> INFORMATION SUPPLIED:
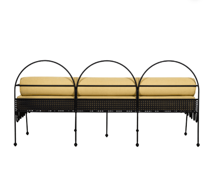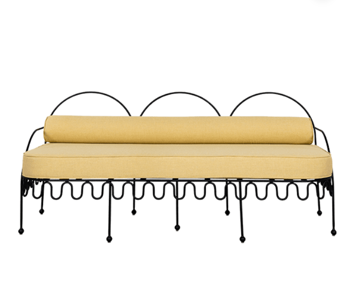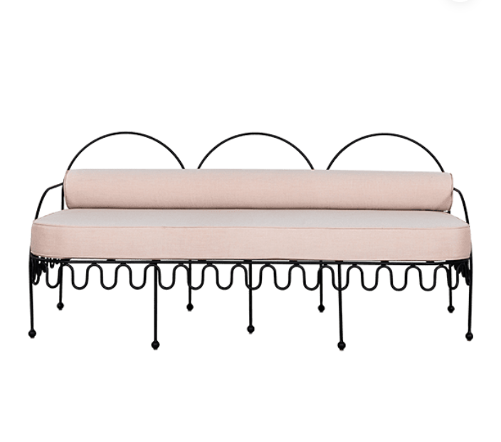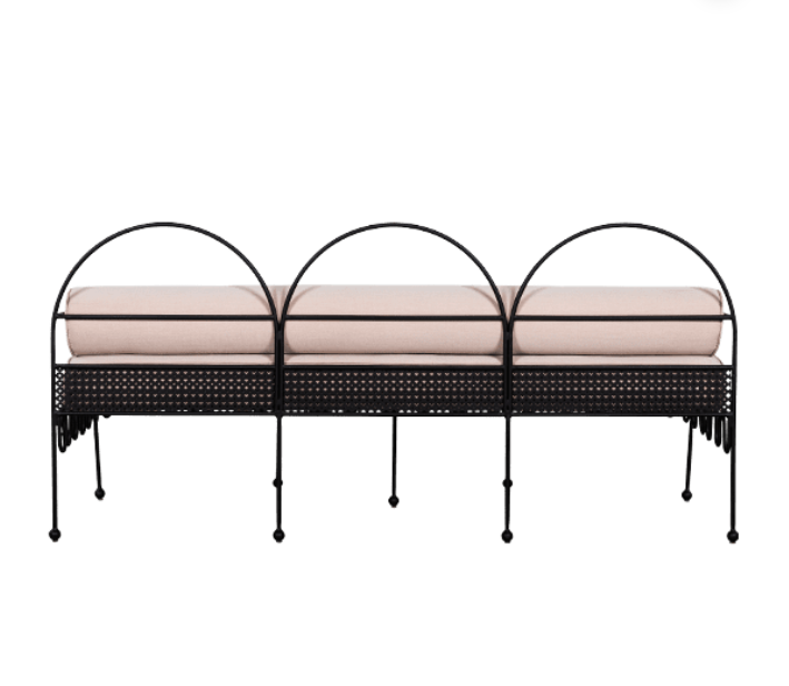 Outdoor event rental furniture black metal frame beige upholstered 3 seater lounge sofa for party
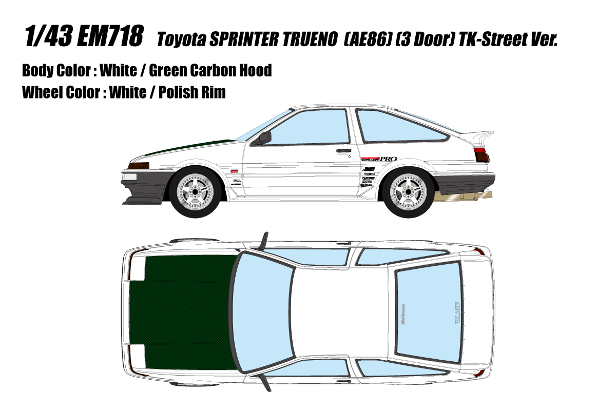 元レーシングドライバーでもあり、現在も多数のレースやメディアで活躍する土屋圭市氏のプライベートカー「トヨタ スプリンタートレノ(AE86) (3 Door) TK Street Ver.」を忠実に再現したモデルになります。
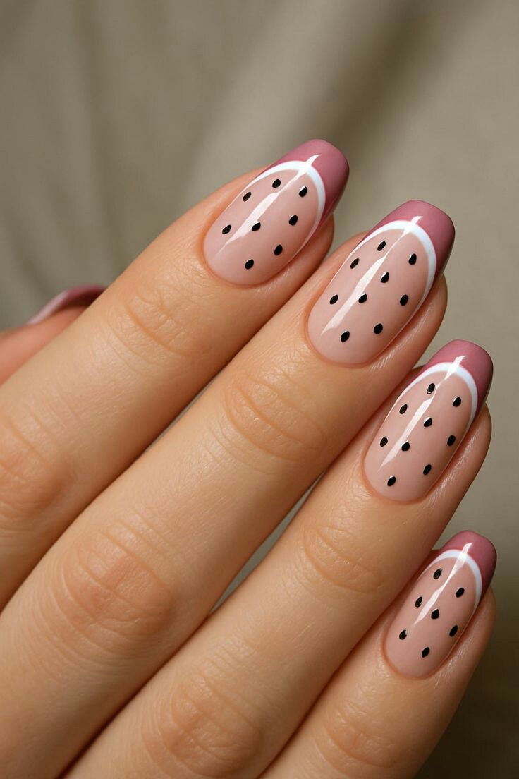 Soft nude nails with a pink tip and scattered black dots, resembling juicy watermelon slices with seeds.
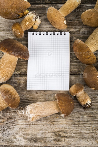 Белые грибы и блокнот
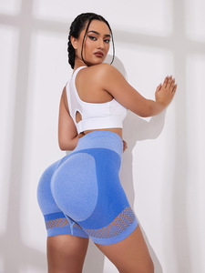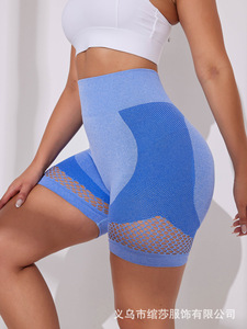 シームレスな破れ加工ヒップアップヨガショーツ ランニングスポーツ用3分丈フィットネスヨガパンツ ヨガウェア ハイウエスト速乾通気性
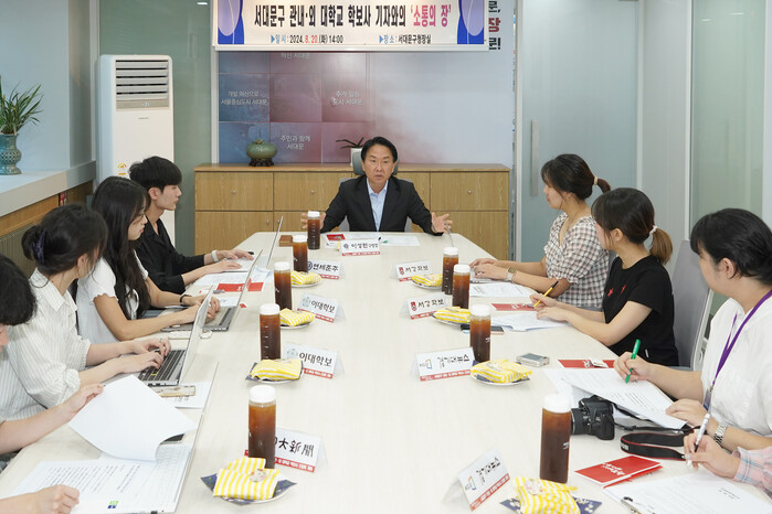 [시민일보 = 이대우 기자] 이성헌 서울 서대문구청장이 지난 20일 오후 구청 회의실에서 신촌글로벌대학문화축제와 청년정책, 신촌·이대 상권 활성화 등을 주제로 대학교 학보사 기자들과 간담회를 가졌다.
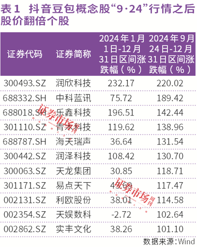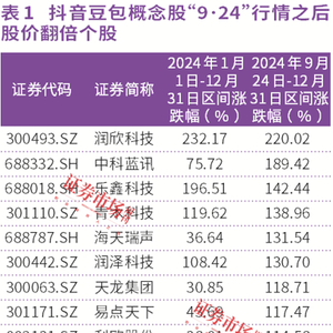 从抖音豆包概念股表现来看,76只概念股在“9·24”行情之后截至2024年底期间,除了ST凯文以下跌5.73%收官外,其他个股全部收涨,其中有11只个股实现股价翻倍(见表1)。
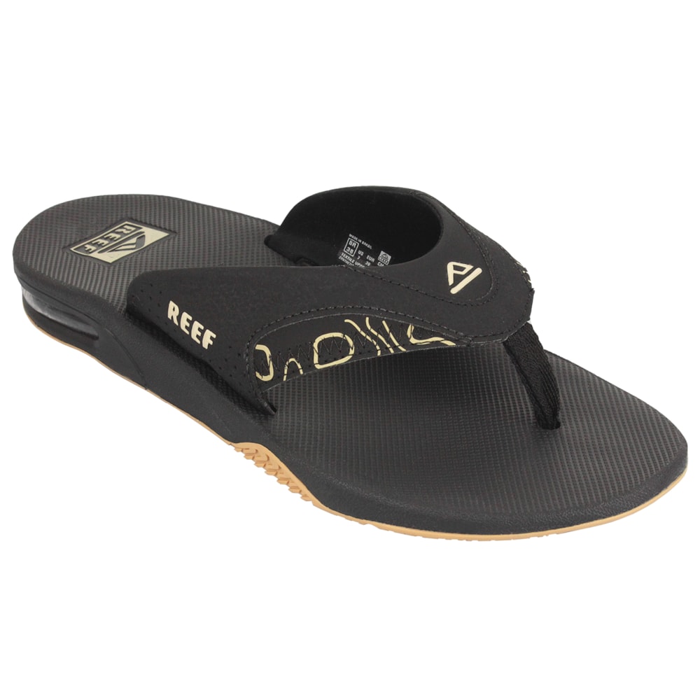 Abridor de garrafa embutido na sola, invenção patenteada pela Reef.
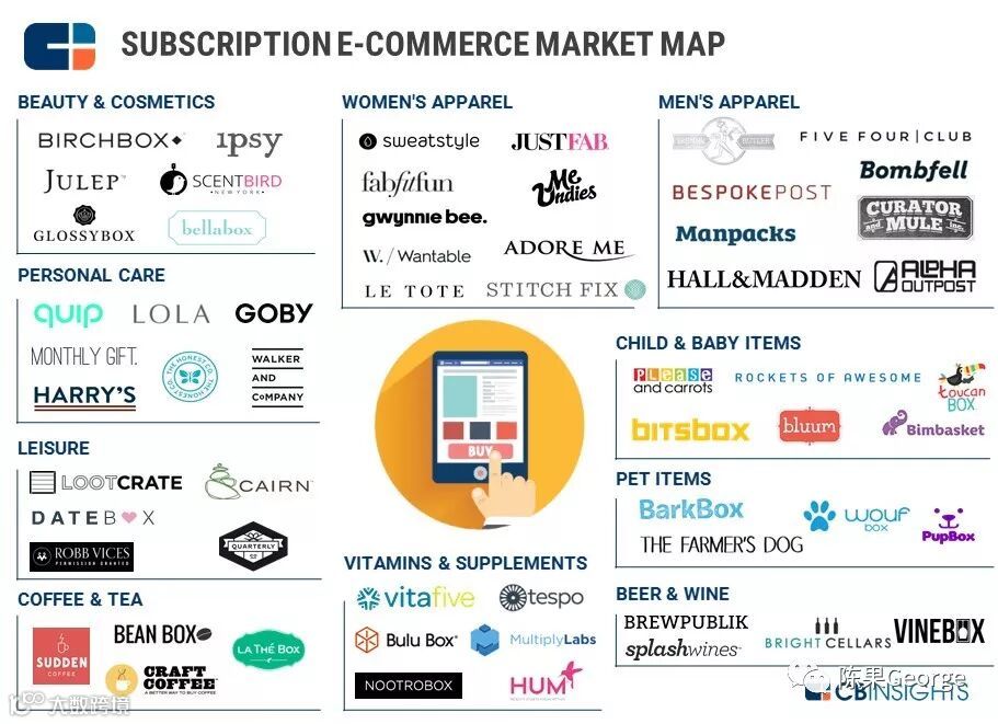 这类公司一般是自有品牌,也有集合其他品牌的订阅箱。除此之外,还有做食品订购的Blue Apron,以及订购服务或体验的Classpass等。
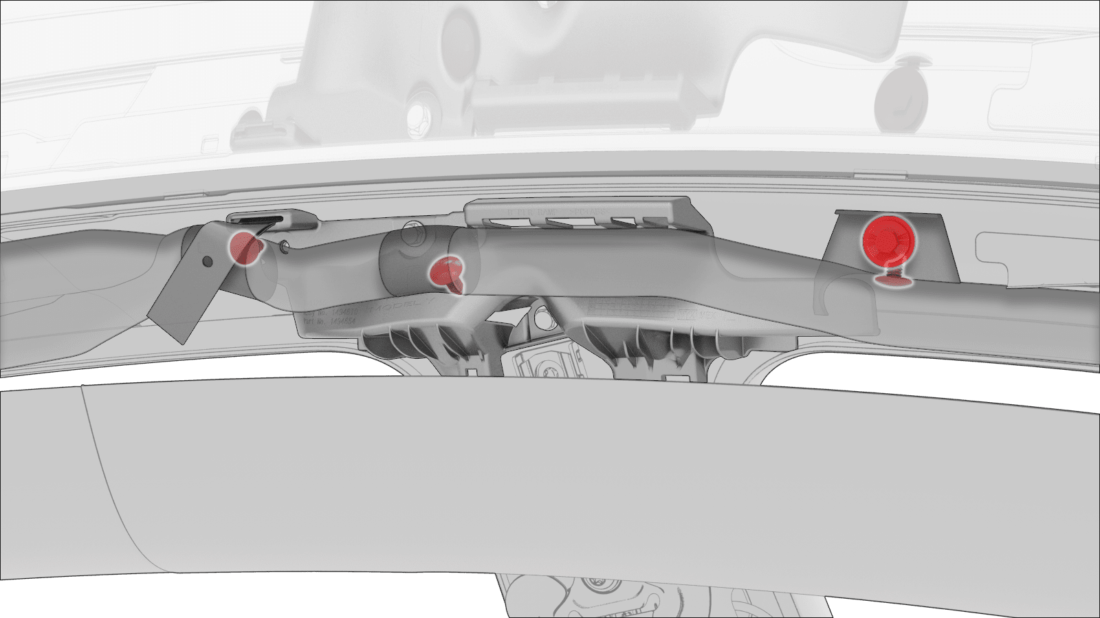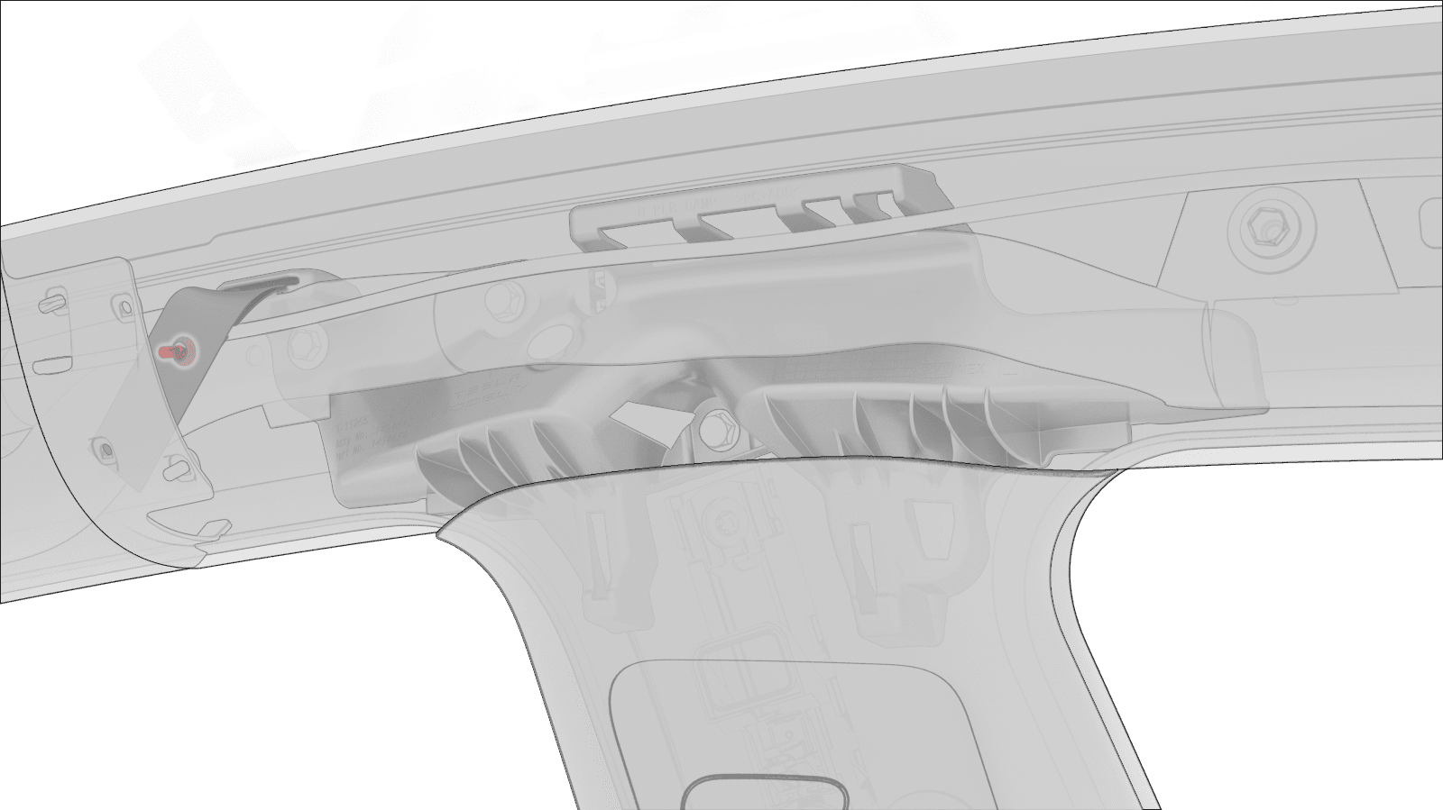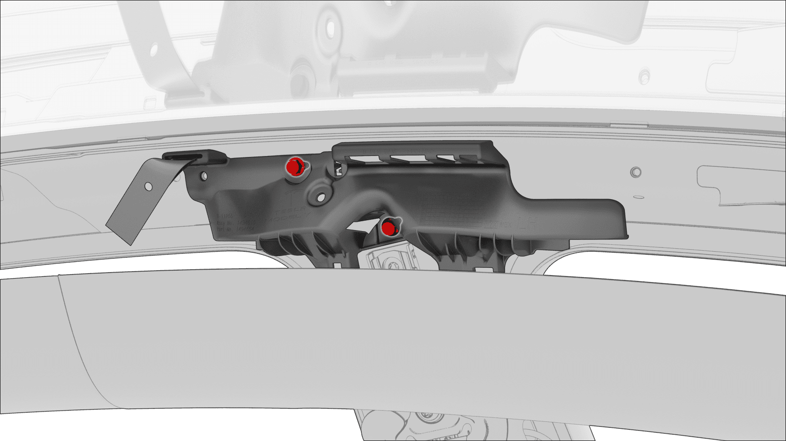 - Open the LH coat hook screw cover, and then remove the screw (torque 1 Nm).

> PROBLEM TO SOLVE: Write out exactly the lines of the material above, starting with the first and finishing with the line that contains "TK Street Ver.」を忠実に再現したモデルになります。", without pictures.

> SOLUTION TO THE EXERCISE:
 Outdoor event rental furniture black metal frame beige upholstered 3 seater lounge sofa for party
 元レーシングドライバーでもあり、現在も多数のレースやメディアで活躍する土屋圭市氏のプライベートカー「トヨタ スプリンタートレノ(AE86) (3 Door) TK Street Ver.」を忠実に再現したモデルになります。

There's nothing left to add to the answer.